Input data Start Marker

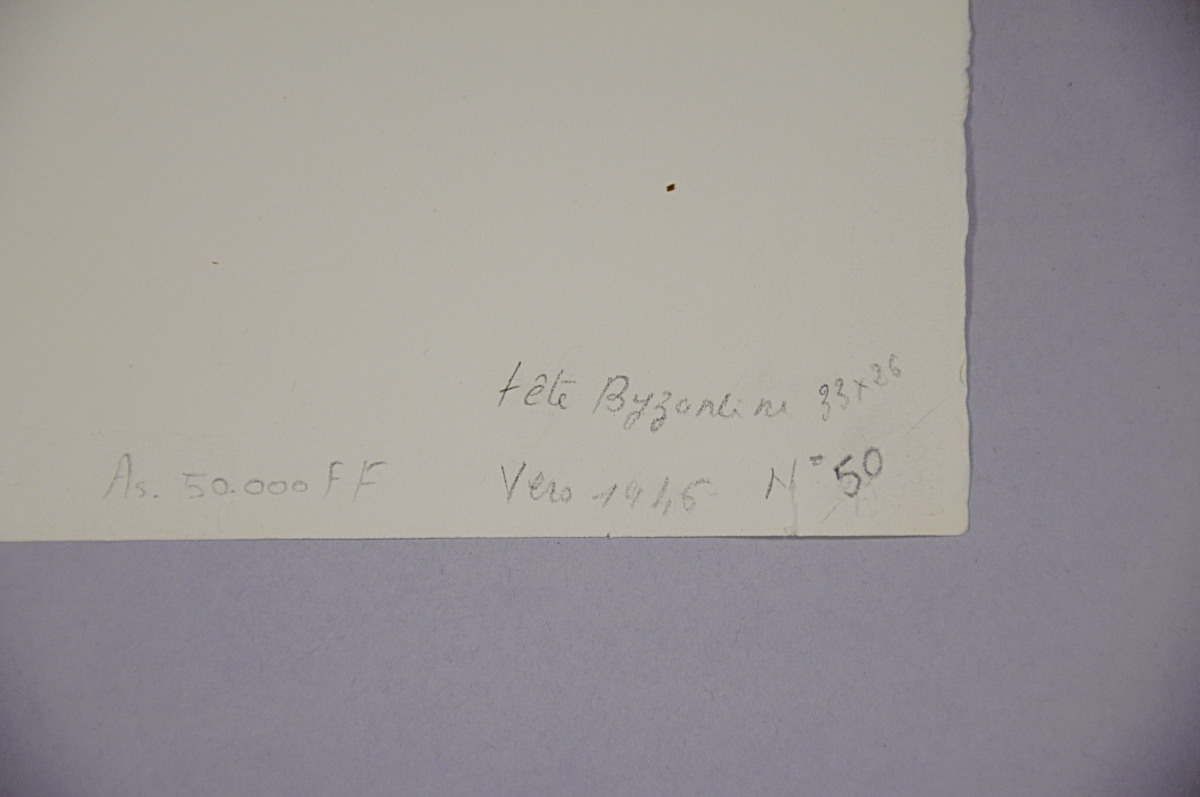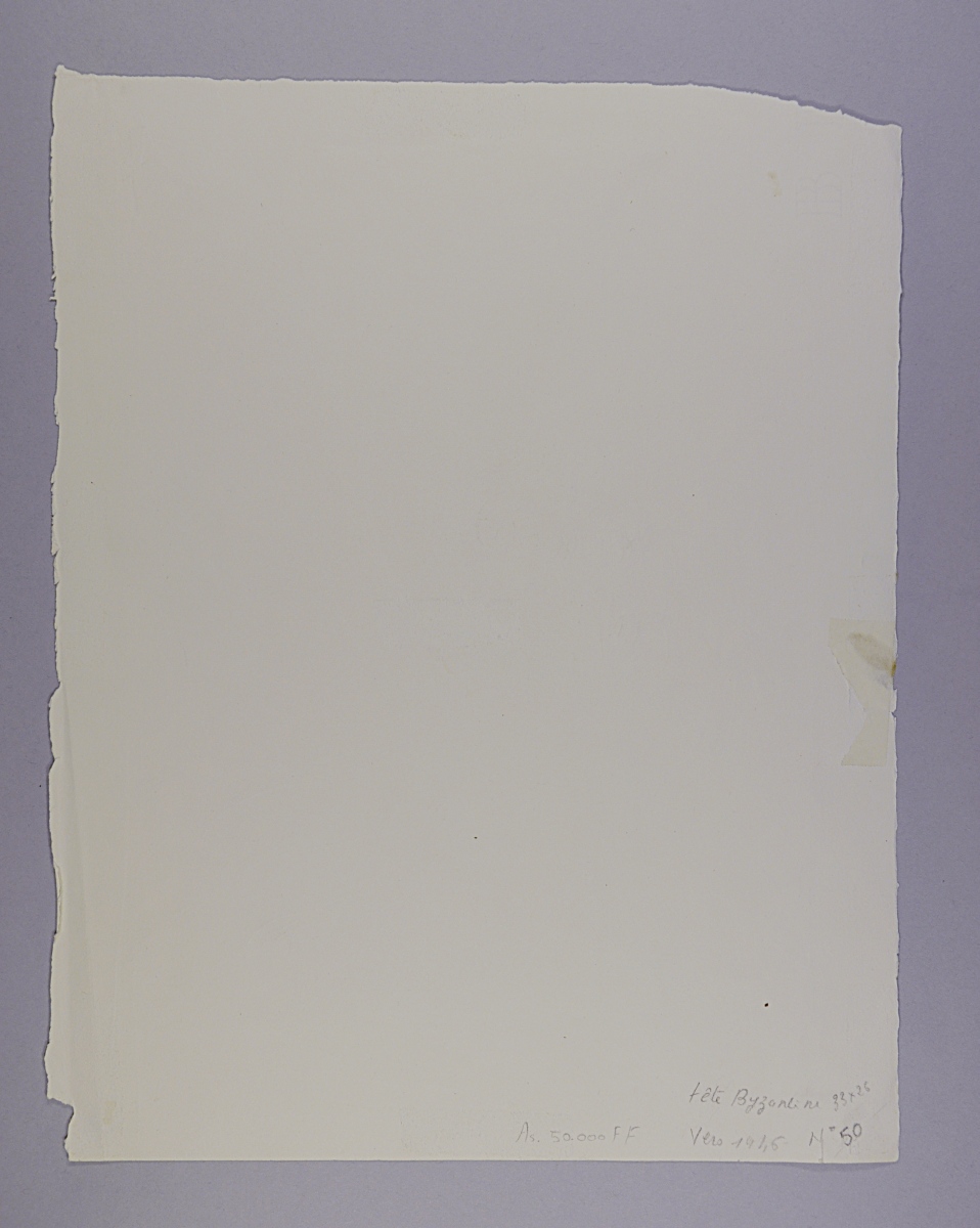 Mentions manuscrites au crayon au dos : en haut : "7", en bas : "Tête Byzantine / 33 x 26 / Vers 1946 / N°50 / As. 50.000 FF".
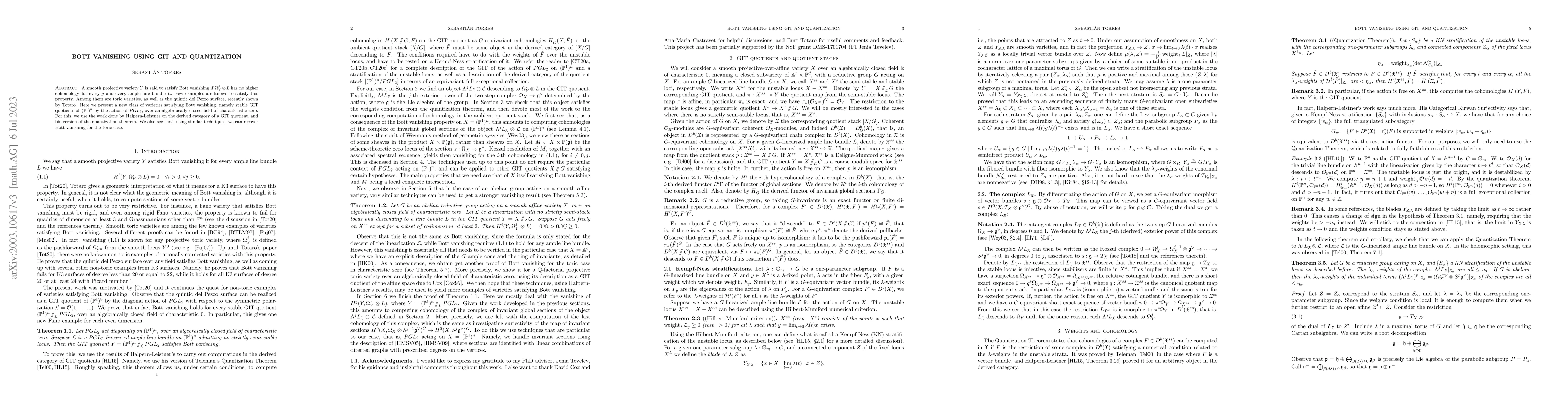 This paper introduces a new class of stable GIT quotients of $(\mathbb{P}^1)^n$ by $PGL_2$ that satisfy Bott vanishing, leveraging Halpern-Leistner's work on GIT quotients and quantization. It also extends Bott vanishing to the toric case using similar techniques.
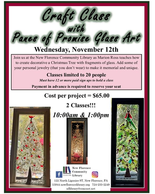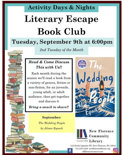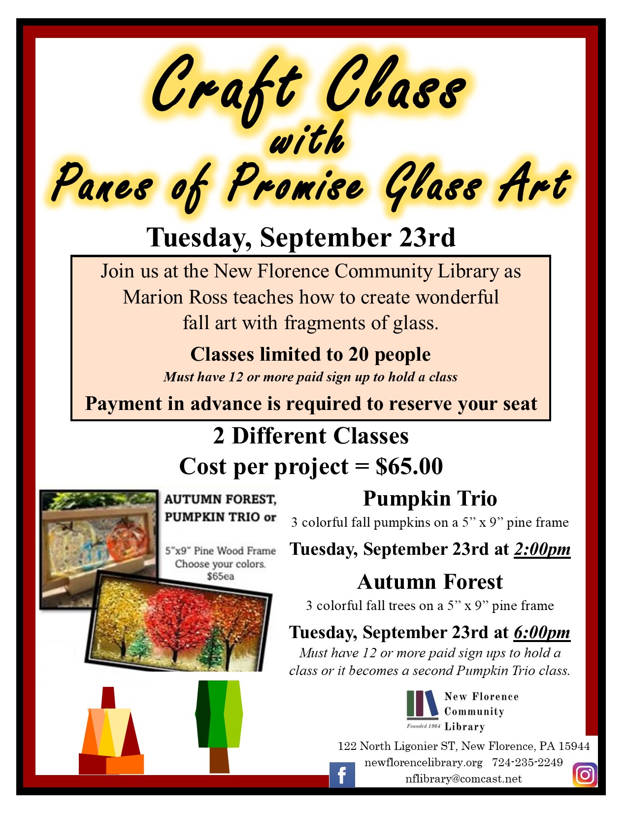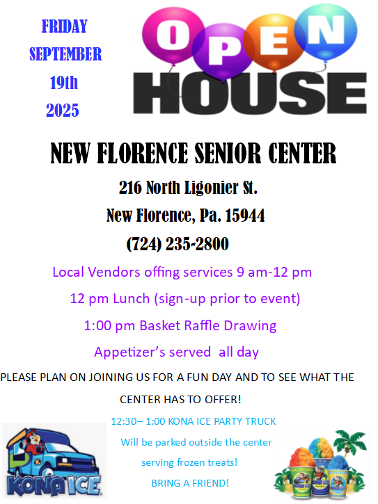 September is going to be a busy month in the borough. There are lots of activities planned. But first, please be aware Monday, August 25th, is the first day of school for the Ligonier Valley School District. Keep an eye out for all the school buses. I think unofficially summer’s over! Shown below is the school calendar. Also, here is a pdf of the calendar. Ligonier Valley School District 2025-2026 Instructional Calendar Here are the minutes from July’s borough council meeting. MINUTES 07-15-25. After that, the New Florence Community Library will hold a Literary Escape Book Club on September 9th to discuss Alison Espach’s, The Wedding People, book. The library will also have a Craft Class with Panes of Promise Glass Art on September 23rd. There will be two classes where participants can make a framed picture using fragments of glass. Next, the New Florence Senior Center is holding an Open House on September 19th with lots of great activities. I attended last year’s Open House and it was very nice. The center is also having a Special Bingo on Saturday, September 27th. Finally, the New Florence Community Development organization would like to remind everyone of the Craft and Vendor Fair on September 28th. For more information, please see the flyers below or the Event Calendar. Thanks.

Input data End Marker

## Brief:
The lines to be transcribed are those from the first line of the data above through the line holding "This paper introduces", inclusive; copy them exactly and only, leaving out the pictures.

## Answer to the problem:
 Mentions manuscrites au crayon au dos : en haut : "7", en bas : "Tête Byzantine / 33 x 26 / Vers 1946 / N°50 / As. 50.000 FF".
 This paper introduces a new class of stable GIT quotients of $(\mathbb{P}^1)^n$ by $PGL_2$ that satisfy Bott vanishing, leveraging Halpern-Leistner's work on GIT quotients and quantization. It also extends Bott vanishing to the toric case using similar techniques.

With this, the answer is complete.